Ada banyak lagi restoran cepat saji yang mirip-mirip KFC. Saya bukanlah penggemar A&W, namun bilamana saya ke Batam, terkadang saya menyempatkan diri ke sana untuk menikmati segelas sarsi yang disajikan dengan es krim mengapung di atasnya. Restoran lainnya, Texas Chicken, juga telah lama beredar. Ini juga bukan favorit saya, tapi saya terkadang makan siang bersama teman saya Bernard di cabang Star Vista. Popeyes, nama yang baru saya kenal setelah pindah ke Singapura, menyajikan biskuit yang cukup saya sukai. Baru-baru ini saya ingin mencicipinya lagi (saya selalu mengira bahwa terakhir kali saya makan di Popeyes adalah setelah saya menonton Edge of Tomorrow yang dibintangi Tom Cruise dan dirilis di tahun 2014, tapi aplikasi Swarm menunjukkan bahwa saya masih ke sana di tahun 2016). Lantas saya pun mampir setelah gereja bersama putri sulung saya. Awalnya dia protes karena tidak pernah mendengar tentang Popeyes, tapi setelah dicoba, ternyata dia pun menyukainya.  
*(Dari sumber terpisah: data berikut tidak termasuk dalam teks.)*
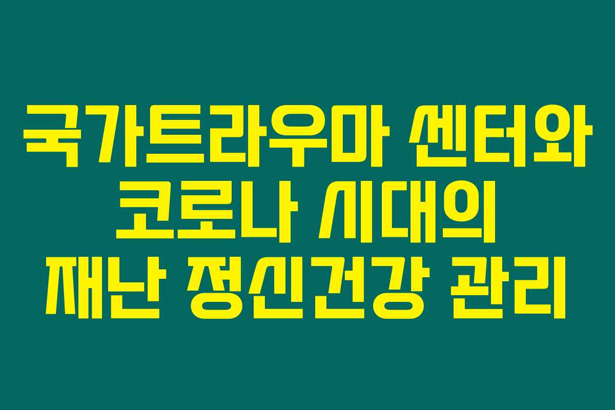 국가트라우마센터는 재난 경험자들의 심리를 지원하고 정신적 안정과 치료 프로그램을 제공합니다.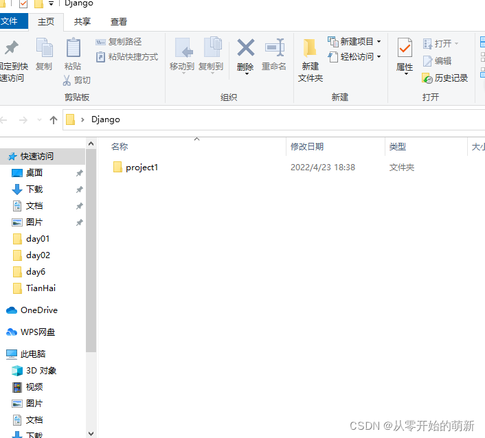 然后打开我们新建的Django文件夹 会发现有 一个名字 project1 的文件夹 我们可以选中鼠标拉到pycharm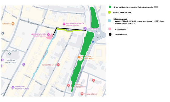 On the Mäsiarska street is paid parking on working days: Monday-Friday 8:00 – 16:00 (1,- €/ 1 hour). all other times is PARKING FOR FREE (that means during weekends too).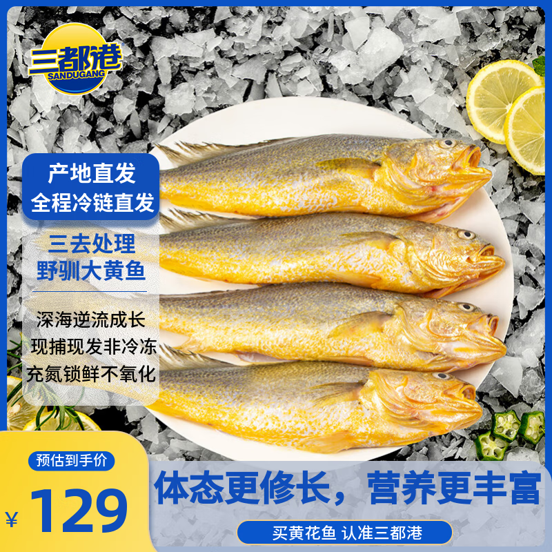 三都港【冰鲜】三去野驯黄花鱼净重1100g/2条 黄鱼 中秋 源头直发
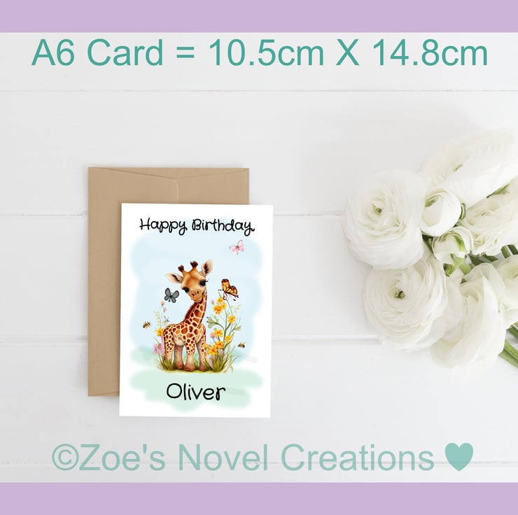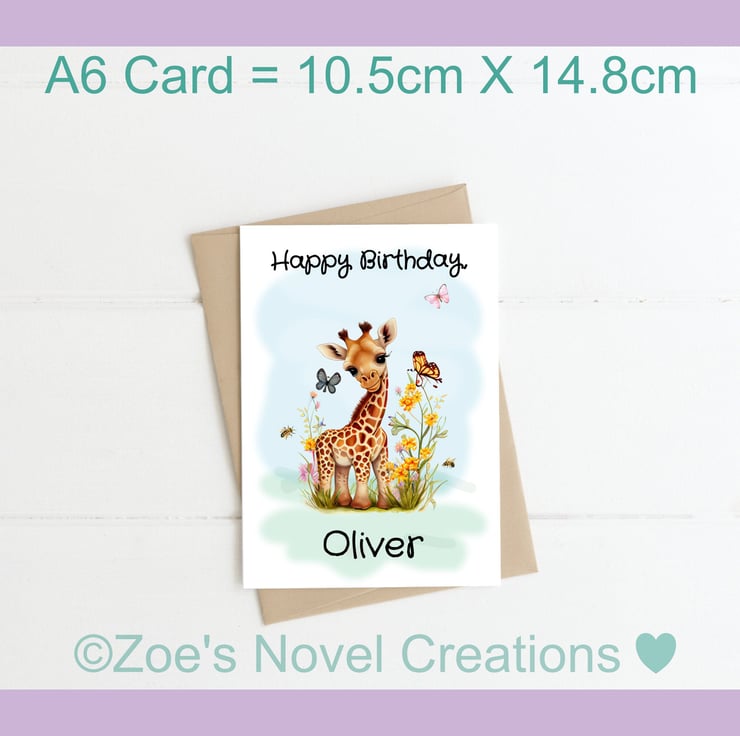Birthday Giraffe Greetings Card, personalised, A6 10.5cm x 14.8cm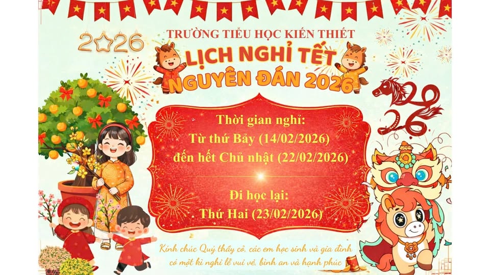 📢 📢 TRƯỜNG TIỂU HỌC KIẾN THIẾT THÔNG BÁO LỊCH NGHỈ TẾT NGUYÊN ĐÁN 2026.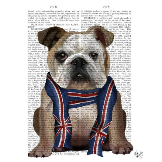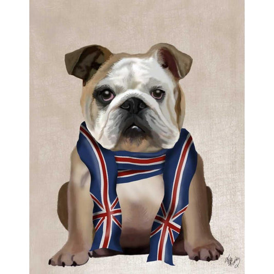 English Bulldog with Scarf White Modern Wood Framed Art Print by Fab Funky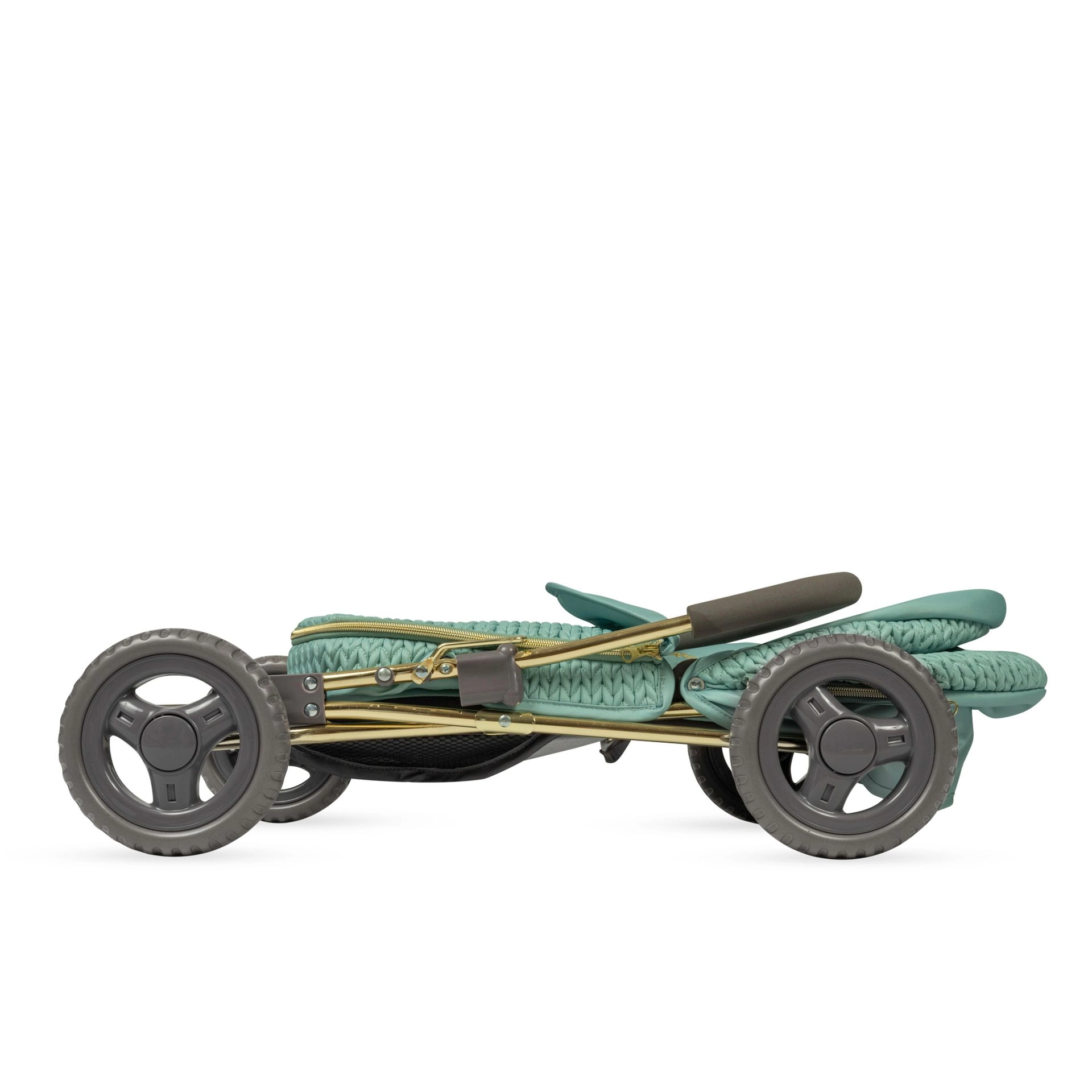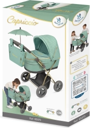 Stilingas lėlių vežimėlis iš kolekcijos Capriccio 2025 džiugina moderniu mėtų žalios spalvos dizainu, mažu svoriu ir paprastu valdymu. Jis turi sulankstomą konstrukciją, skėtį nuo saulės, nuimamą krepšį su auksiniais užtrauktukais, minkštą čiužinuką ir praktišką apatinį krepšelį – idealiai tinka mažesniems vaikams nuo 3 metų.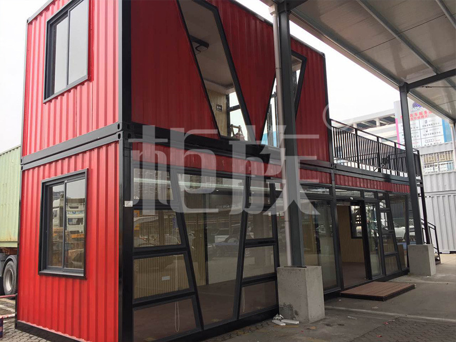 小而精的辦公室,一樓辦公帶遮陽棚,側面樓梯可達二樓平臺。承重力強,箱頂豎有大型LED廣告屏。室內設衛生間,可兼任住宿和短時休息用途。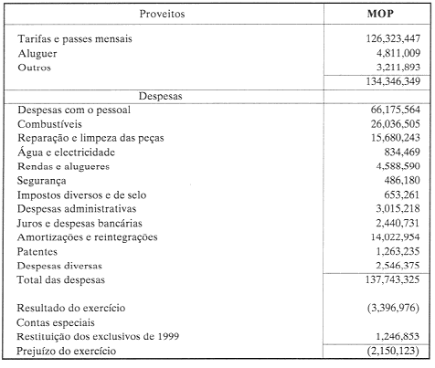 O encerramento financeiro do ano de 2001 releva um lucro de MOP 1 005 088.
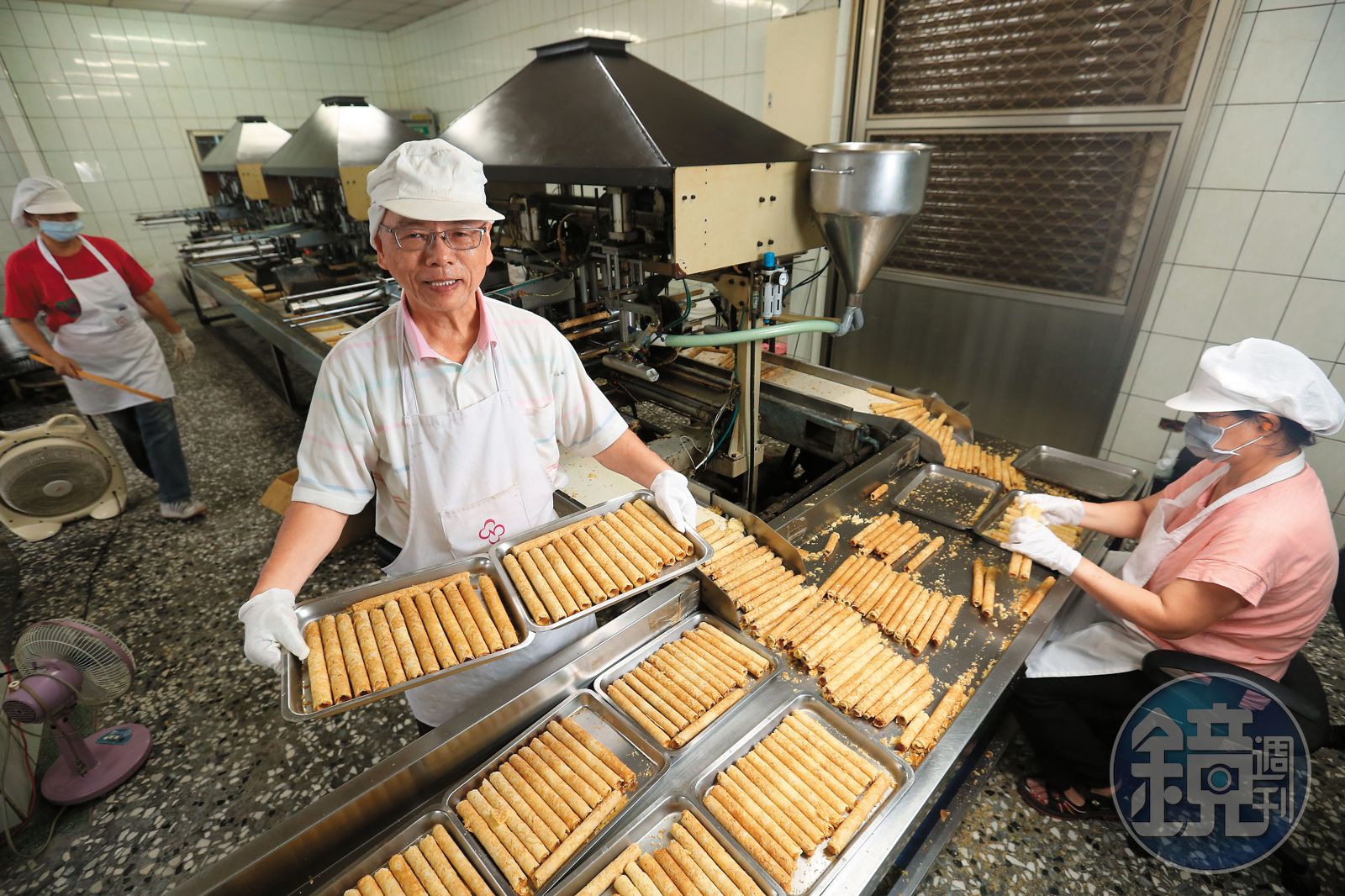 拿著如同教鞭的木頭長棍,曾華誠盯著輸送帶上一根根剛煎好的蛋捲,熟練地依序撥下,穿梭在3台大型自動化煎台之間,他活像蛋捲廠裡的訓導主任。

Selain nama-nama yang telah disebutkan di atas, masih ada lagi yang lain, yang tidak berasal dari Amerika. Saya baru mengetahui bahwa 4FINGERS ternyata berasal dari Singapura. Awalnya saya kira dari Korea Selatan. Bumbu dan kecap sangat terasa di kulit ayam gorengnya, tapi dagingnya terasa agak hambar. Pilihan lain yang lebih enak namun mungkin tidak begitu terkenal adalah menu nasi tahu. Kemudian ada lagi yang namanya Marybrown dari Malaysia, yang ternyata juga memiliki cabang di Singapura. Seingat saya, terakhir kali saya menjajal Marybrown adalah di Bandara Senai, ketika saya dan Swee Hin bertualang dari Johor Bahru ke Kota Kinabalu. Satu lagi yang sangat layak untuk disebutkan adalah Jollibee, kebanggaan Filipina. Saya mampir di sana saat berada di Manila dan Cebu. Suatu ketika, saya membaca artikel yang mengatakan bahwa ayam goreng Jollibee lebih mantap dari KFC. Ketika saya makan di Lucky Plaza, saya harus mengakui kebenaran berita tersebut. Daging ayamnya lebih menyerap bumbu sehingga lebih kelezatannya lebih terasa.

Ayam goreng dan spaghetti di Jollibee Lucky Plaza. 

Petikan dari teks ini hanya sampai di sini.